In this post we explain a Bayesian approach to inferring the impact of interventions or actions. We show that representing causality within a standard Bayesian approach softens the boundary between tractable and impossible queries and opens up potential new approaches to causal inference. This post is a detailed but informal presentation of our Arxiv papers: Replacing the do calculus with Bayes rule, and Causal inference with Bayes rule - also see our video presentation Bayesian Causality

Causality – what it is and how to infer it – has been one of the most controversial subjects of machine learning and statistics. The recent publication of the Book of Why has re-ignited a long running debate on whether causal inference can be done within the standard Bayesian modelling paradigm or if it requires a fundamentally different approach. This debate began between Pearl and Rubin in the 90’s and continues today – particularly on Andrew Gelman's blog - see Gelman and Pearl. In this post we discuss some of our recent work that aims to bridge this debate.

But first, much disagreement has arisen from differences in terminology – so let’s clarify what we mean by causal inference.

(Observational) causal inference: estimating the impact of an action or intervention in some system from data collected without directly testing the intervention.

Observational causal inference example: estimate what the average reading level of five year-olds would be if all children attended three days of pre-school, based on historical data on pre-school attendance and subsequent reading ability (noting that currently the decision as to whether or not to attend preschool is made by the kid's parents) .

The figure below contrasts observational causal inference with standard statistics. In standard statistical problems, we have data generated by some system and we want to use that data to infer some property of the system. In observational causal inference, we want to use data generated by one system – the system prior to some intervention – to infer properties about another system – the system after intervention. This requires that we make assumptions about how these two systems are related (or equivalently, how the intervention changes the original system) and that we model these assumptions to determine what data sampled from System A can tell us about System B.

Observational causal inference

Does causality require something outside statistics?

Fundamentally, causal inference requires two things

  1. A model that relates the data we can observe (pre-intervention) to the question we care about (post-intervention)

  2. A way to combine this model with (finite) data to perform inference

The first of these two points is at the core of the controversy. Whether causal inference requires something beyond statistics depends on what you think of as statistics.

If you define statistics narrowly as a set of operators (eg mean, variance, covariance, etc) that can be applied to a matrix of data, then notions of causality are indeed extra-statistical.

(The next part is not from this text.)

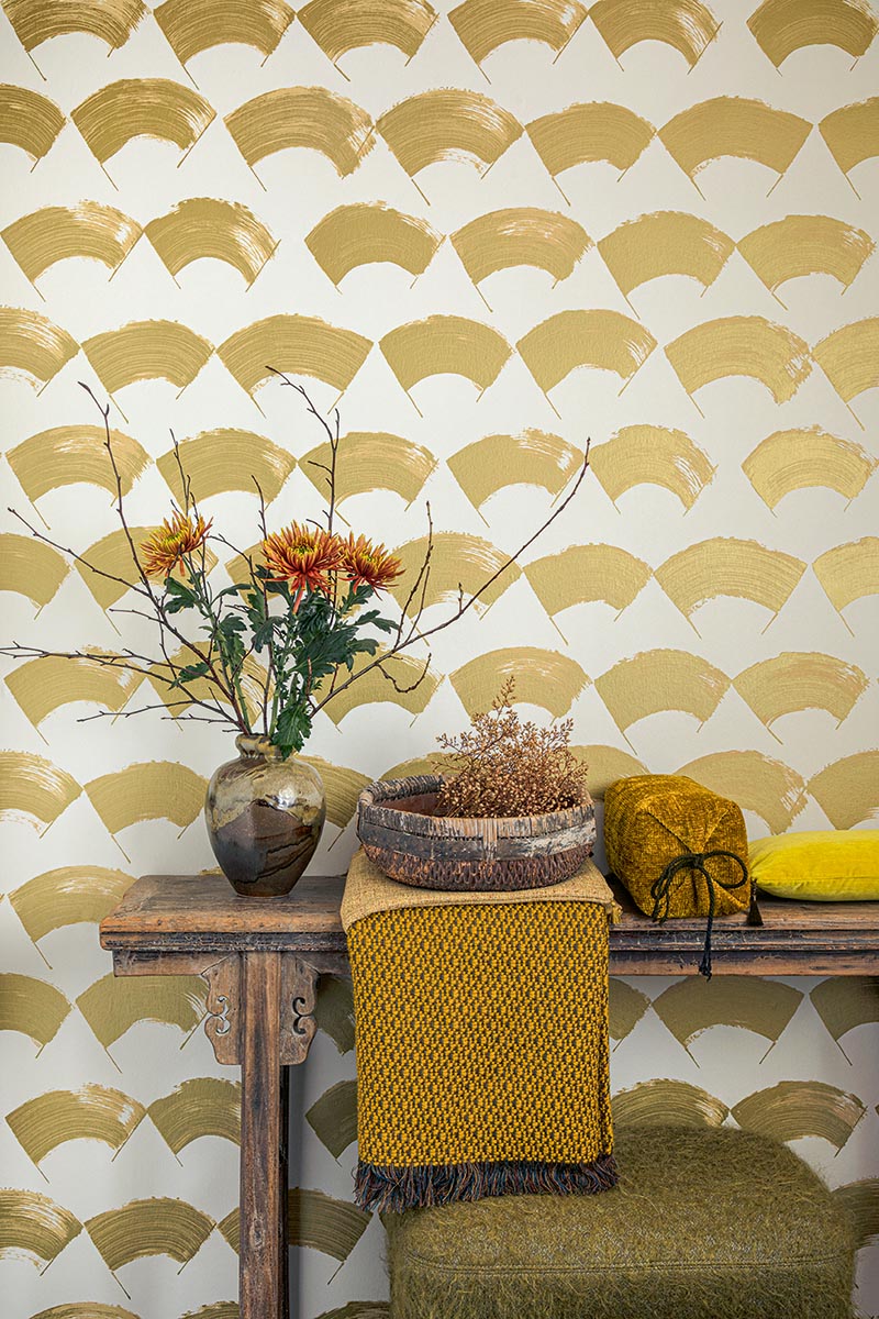 These fans are delicately suggested by bold brushstrokes and a play of textures. The choice of using hand screen printing gives a very clean, modern look, reminiscent of calligraphy.

Without some assumptions about how the system pre-intervention is related to the system post-intervention, data collected from the former is uninformative about the latter.

However, if you view statistics as the process of drawing inference about (latent) quantities of interest by combining a model with data, causal inference is no different to any other inference – your model must capture the relationship between the system pre and post intervention, and as with any inference, the validity of your conclusions will depend on the model being correctly specified. This viewpoint allows you to use standard Bayesian inference to answer causal questions, but provides little guidance on how to construct a model that captures how an intervention will change a system.

In the next section, we demonstrate how we algorithmically construct ordinary Bayesian models that encode identical assumptions about a specific intervention in a system as are implicit in a Pearlian causal graphical model. The goal of doing so is to construct a shared viewpoint between Bayesian modellers and causality people – and to provide a framework combining the strengths of both approaches: Causal graphs for modelling intervention, and Bayesian inference for combining model assumptions with data.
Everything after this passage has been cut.